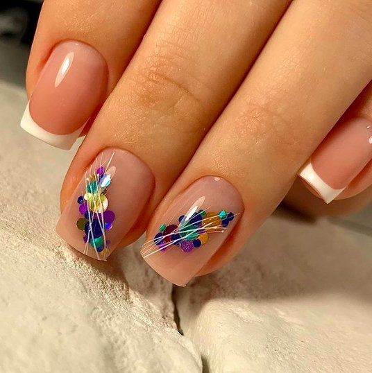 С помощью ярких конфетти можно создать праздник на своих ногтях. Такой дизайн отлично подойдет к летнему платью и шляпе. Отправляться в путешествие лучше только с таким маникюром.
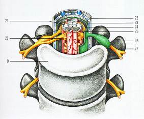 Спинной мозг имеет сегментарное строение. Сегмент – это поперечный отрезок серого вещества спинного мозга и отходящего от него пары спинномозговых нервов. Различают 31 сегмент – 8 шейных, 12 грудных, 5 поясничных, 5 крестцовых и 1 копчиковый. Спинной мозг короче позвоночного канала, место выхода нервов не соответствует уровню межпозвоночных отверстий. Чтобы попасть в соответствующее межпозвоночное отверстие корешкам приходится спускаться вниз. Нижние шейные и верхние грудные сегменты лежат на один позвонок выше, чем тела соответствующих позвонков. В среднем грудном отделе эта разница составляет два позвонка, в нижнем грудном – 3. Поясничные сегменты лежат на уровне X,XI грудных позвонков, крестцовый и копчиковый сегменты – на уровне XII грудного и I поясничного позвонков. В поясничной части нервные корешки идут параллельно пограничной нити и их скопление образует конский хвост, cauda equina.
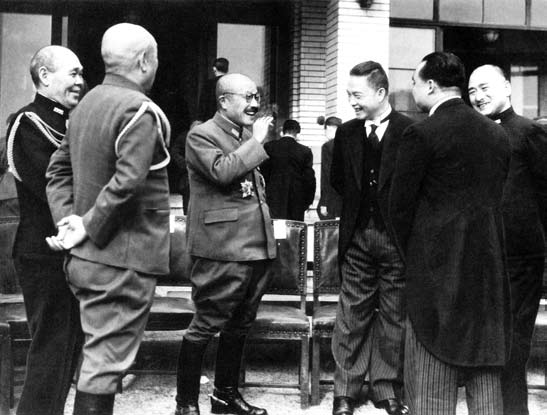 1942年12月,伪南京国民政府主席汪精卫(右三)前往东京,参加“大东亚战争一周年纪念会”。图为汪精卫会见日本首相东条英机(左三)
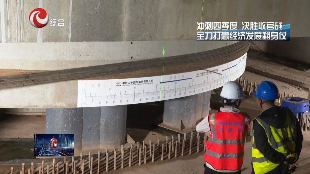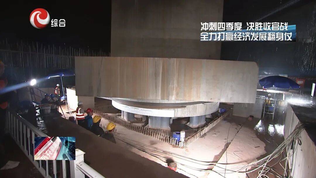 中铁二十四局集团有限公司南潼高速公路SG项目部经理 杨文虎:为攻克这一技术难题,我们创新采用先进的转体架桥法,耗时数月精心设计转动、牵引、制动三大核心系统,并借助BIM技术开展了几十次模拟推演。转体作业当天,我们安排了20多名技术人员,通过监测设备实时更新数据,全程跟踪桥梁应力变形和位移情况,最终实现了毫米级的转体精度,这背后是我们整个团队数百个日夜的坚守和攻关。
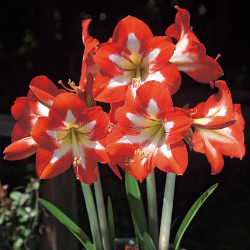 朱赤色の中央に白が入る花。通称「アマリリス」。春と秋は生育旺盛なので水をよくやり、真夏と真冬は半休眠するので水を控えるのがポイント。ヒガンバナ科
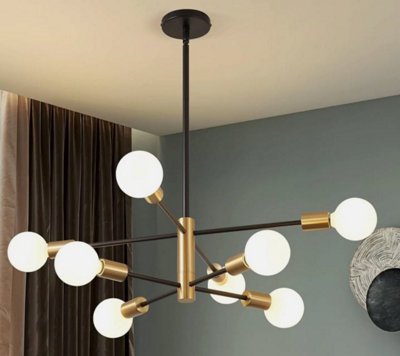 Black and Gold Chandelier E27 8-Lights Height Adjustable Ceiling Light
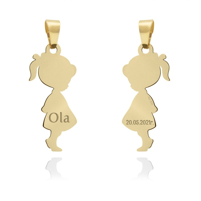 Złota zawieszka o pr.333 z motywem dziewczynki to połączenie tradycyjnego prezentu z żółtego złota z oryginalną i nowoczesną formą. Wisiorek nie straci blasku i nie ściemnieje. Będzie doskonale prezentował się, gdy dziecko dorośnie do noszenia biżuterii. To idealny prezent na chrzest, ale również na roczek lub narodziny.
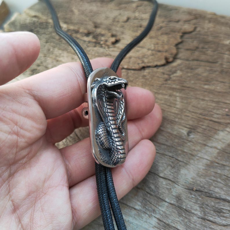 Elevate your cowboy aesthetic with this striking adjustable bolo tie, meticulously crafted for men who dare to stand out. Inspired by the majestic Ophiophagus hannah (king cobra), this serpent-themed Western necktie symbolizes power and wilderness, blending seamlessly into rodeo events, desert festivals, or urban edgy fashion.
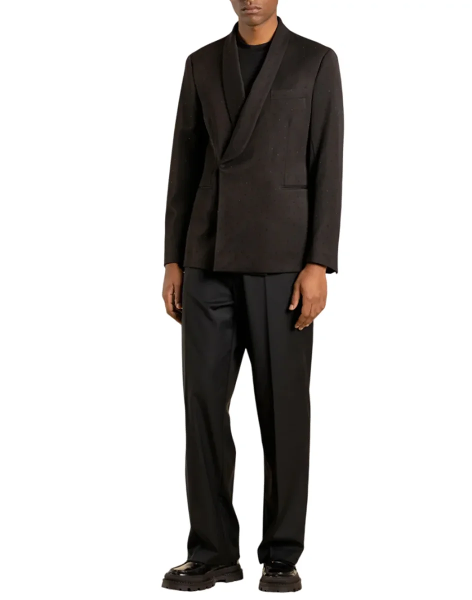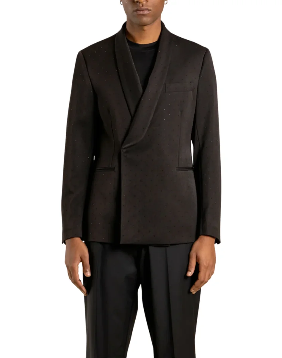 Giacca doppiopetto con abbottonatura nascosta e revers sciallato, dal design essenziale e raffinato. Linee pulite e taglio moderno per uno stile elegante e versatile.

■ ■ ■ ■ ■ ■ ■

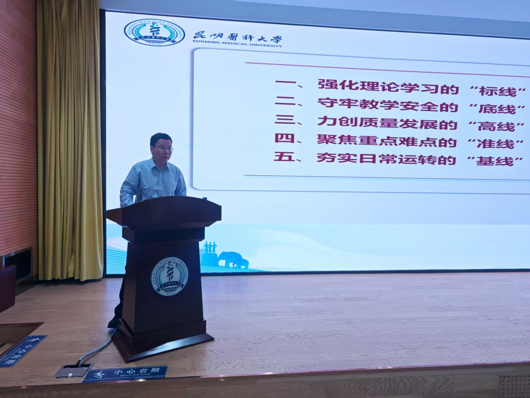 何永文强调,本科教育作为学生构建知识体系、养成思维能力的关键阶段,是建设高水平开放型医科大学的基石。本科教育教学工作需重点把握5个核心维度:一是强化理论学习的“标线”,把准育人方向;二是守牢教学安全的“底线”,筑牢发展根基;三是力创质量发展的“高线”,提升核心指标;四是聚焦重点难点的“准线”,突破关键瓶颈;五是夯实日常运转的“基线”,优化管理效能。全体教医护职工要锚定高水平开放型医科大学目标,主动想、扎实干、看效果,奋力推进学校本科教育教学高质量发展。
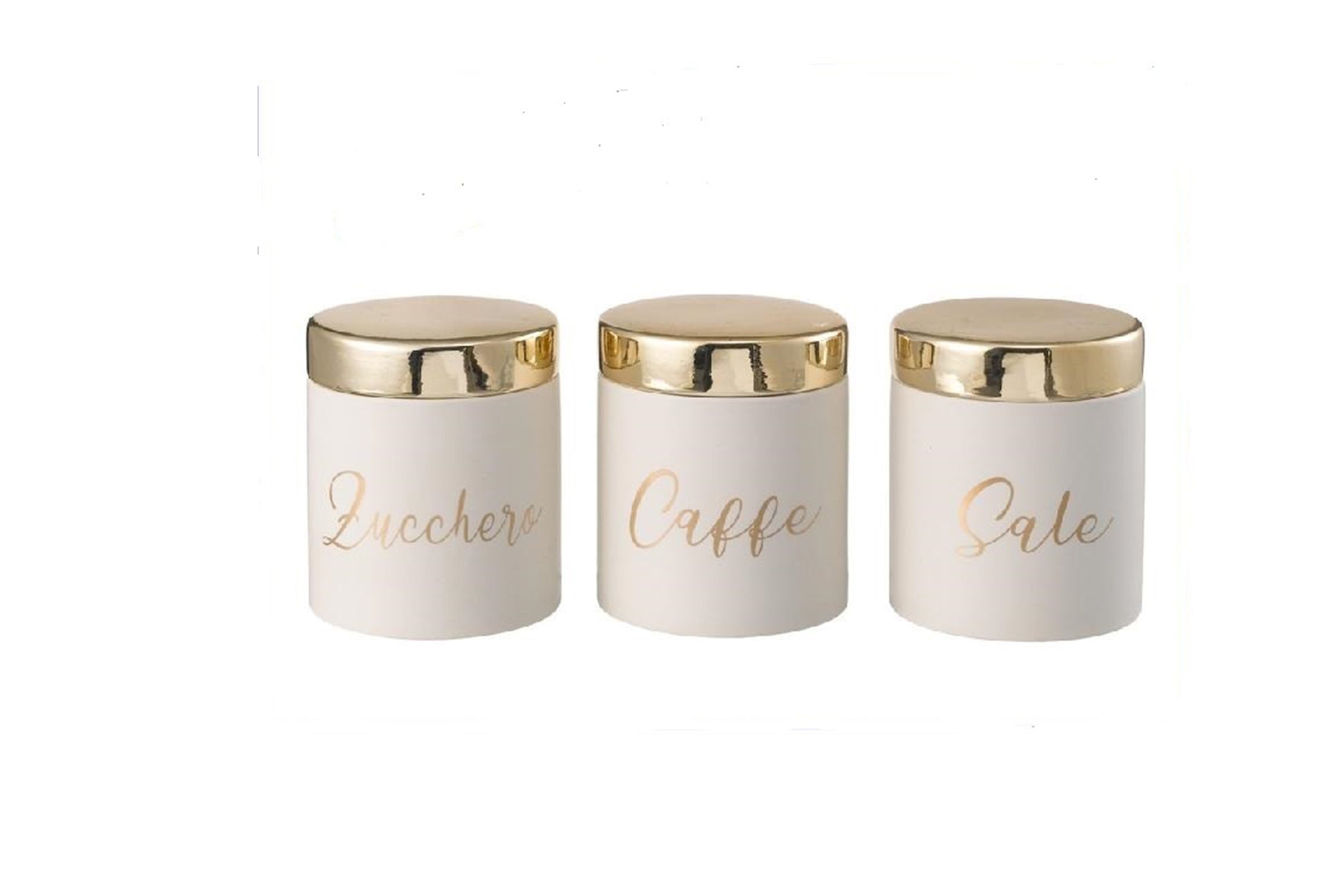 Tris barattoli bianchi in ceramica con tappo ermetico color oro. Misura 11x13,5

■ ■ ■ ■ ■ ■ ■

What this task involves: Could the stretch from the line with "Black and Gold" through the line with "Giacca doppiopetto con" in the listing above be restated word for word, minus the pictures?

Answer space:
 Black and Gold Chandelier E27 8-Lights Height Adjustable Ceiling Light
 Złota zawieszka o pr.333 z motywem dziewczynki to połączenie tradycyjnego prezentu z żółtego złota z oryginalną i nowoczesną formą. Wisiorek nie straci blasku i nie ściemnieje. Będzie doskonale prezentował się, gdy dziecko dorośnie do noszenia biżuterii. To idealny prezent na chrzest, ale również na roczek lub narodziny.
 Elevate your cowboy aesthetic with this striking adjustable bolo tie, meticulously crafted for men who dare to stand out. Inspired by the majestic Ophiophagus hannah (king cobra), this serpent-themed Western necktie symbolizes power and wilderness, blending seamlessly into rodeo events, desert festivals, or urban edgy fashion.
 Giacca doppiopetto con abbottonatura nascosta e revers sciallato, dal design essenziale e raffinato. Linee pulite e taglio moderno per uno stile elegante e versatile.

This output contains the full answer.